Pulizia industriale dei metalli, ecco le variabili da considerare nella “lotta” alla corrosione

Per prevenire la corrosione della superficie dei componenti metallici è importante conoscere quali sono le variabili principali da considerare nel momento in cui si identificano le precauzioni da implementare all’interno del sistema di lavaggio.

Sono fattori influenzanti:

  • il livello di sensibilità del materiale oggetto di protezione;
  • il livello di pulizia della superficie, ovvero la presenza di eventuali residui o particelle di sporco;
  • la tipologia di solvente impiegata nel ciclo di lavaggio;
  • lo spessore della superficie dei componenti metallici trattati;
  • le fasi del ciclo di lavaggio;
  • le condizioni ambientali e climatiche dell’ambiente circostante.

Solitamente acidi grassi ed ammine vengono combinati per ottenere una protezione temporanea dalla corrosione ed utilizzati durante la fase di risciacquo, dal momento che eliminarli è relativamente semplice.

Acidi grassi ed ammine formano in questo contesto un film protettivo molto denso sulla superficie dei componenti metallici che viene rimosso, durante le fasi finali del ciclo produttivo, soltanto quando devono essere applicati adesivi o altri rivestimenti.

A seconda della concentrazione dell’anticorrosivo utilizzato, i componenti possono essere protetti per un periodo compreso tra alcune settimane e mesi o anni.

Integrazione del mezzo anticorrosione all’interno del ciclo di lavaggio industriale dei componenti metallici

L’uso del mezzo anticorrosione dipende dal tipo di tecnologia sfruttata dall’impianto e dal tipo di solvente impiegato: ai fini di una sua corretta integrazione nel processo di lavaggio viene inserita nel sistema un serbatoio dedicato che contiene il solvente ed il corretto quantitativo di anticorrosivo miscelato in percentuale in modo automatico.

Una volta che il ciclo di lavaggio è terminato, la camera di lavaggio viene inondata con il liquido proveniente dal serbatoio del protettivo: in questo modo si ha la assoluta sicurezza che l’intera superficie dei componenti è stata trattata per immersione.

Nella fase successiva il liquido composto dal mix solvente/antiruggine ritorna nel serbatoio del protettivo ed i componenti vengono asciugati tipicamente sotto vuoto: così il film protettivo è stato fissato sull’intera superficie di ogni singolo pezzo!

 

Pulizia industriale dei metalli: quanto dura la protezione?

Molto probabilmente ti starai chiedendo: qual è la durata del film protettivo?

Le variabili chiamate in causa in questo caso sono due: la tipologia di anticorrosione utilizzato e lo spessore del film protettivo applicato sulla superficie dei componenti metallici trattati.

Uno strato sottile di film anticorrosione è opportuno nel caso in cui i componenti debbano essere velocemente assemblati ed inviati al cliente: in questo caso gli stessi sono estremamente vulnerabili al punto che anche una semplice impronta digitale può favorire la corrosione dei pezzi.

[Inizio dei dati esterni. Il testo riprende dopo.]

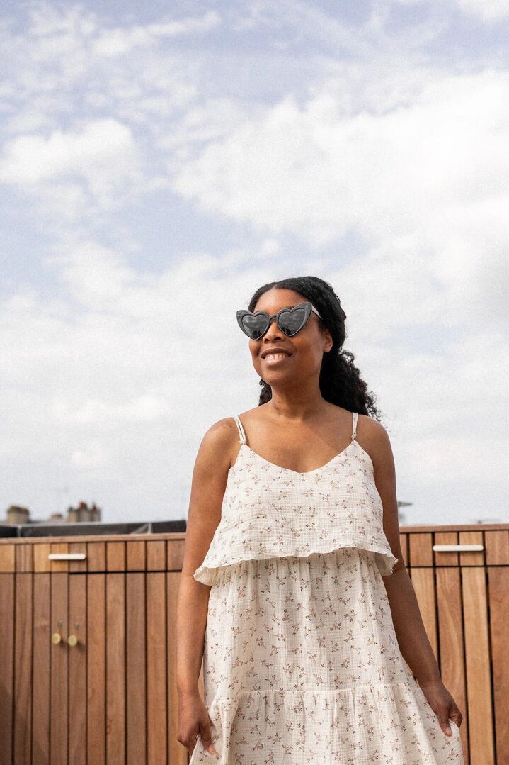 Laetitia mesure 1,57 m et porte la robe d’allaitement Summ’her Mama Nude en taille M.
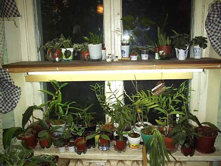 Начну с того, что просто не переношу нагромождения на окнах, но количество растений перешло все допустимые границы. После летнего отдыха на застеклённой лоджии, встал остро вопрос о размещении растюх в квартире. Фиалки вернулись на стеллажи. Крупные, заматеревшие фикусы, олеандр, монстера, хойя были без особых сожалений отправлены в мужнин офис. Ампели разместились в кашпо на стены. Дошла очередь до орхидей. И вот тут-то я схватилась двумя руками за голову: из-за моей неосмотрительности их поголовье увеличилось раза в два (нужно учесть, что это - не предел). После нескольких дней раздумья, пришла к выводу, что как минимум, одно окно придётся всё—таки загородить. Хочу заметить, что рамы на окнах достались нам от бабушки. Стеклопакеты пока в наши планы не входят, поэтому все окна занавешены, как минимум, тюлем. Пошла рыться по форуму, в надежде найти подходящий для меня вариант полок или распорок на окно. Сначала просмотрела . Но полки с подходящими размерами так и не обнаружилось. Да и сама конструкция была мне не по душе. И ещё один немаловажный момент - кроме увеличения площади хотелось эту площадь досветить. Очень понравилась , опять -же полезная площадь -только подоконник, ширина которого у меня 18 см. За идеей зашла сюда. Покажу что получилось.

Uno strato più spesso di film protettivo è necessario quando trasporto e stoccaggio hanno una durata maggiore: in queste circostanze vengono frequentemente utilizzati materiali VCI (Volatile Corrosion Inhibitors) al fine di aumentare, attraverso il packaging, il livello di protezione dei componenti metallici.

I materiali VCI contengono un film protettivo e possono essere inseriti all’interno dell’imballaggio sottoforma di carta, avvolta intorno ai componenti, scaglie o erogatori.

Dal momento che l’effetto anticorrosivo si attiva soltanto dopo un certo periodo di tempo e gli inibitori sono evaporati nell’aria è necessario utilizzare contenitori chiusi ermeticamente per lo stoccaggio ed il trasporto dei componenti.

Infine, in fase di scelta del mezzo anticorrosivo, è importante considerare quale processo sarà implementato al termine della fase di pulizia e protezione dei componenti metallici e se il film protettivo anticorrosione sarà eliminato o meno dalla loro superficie.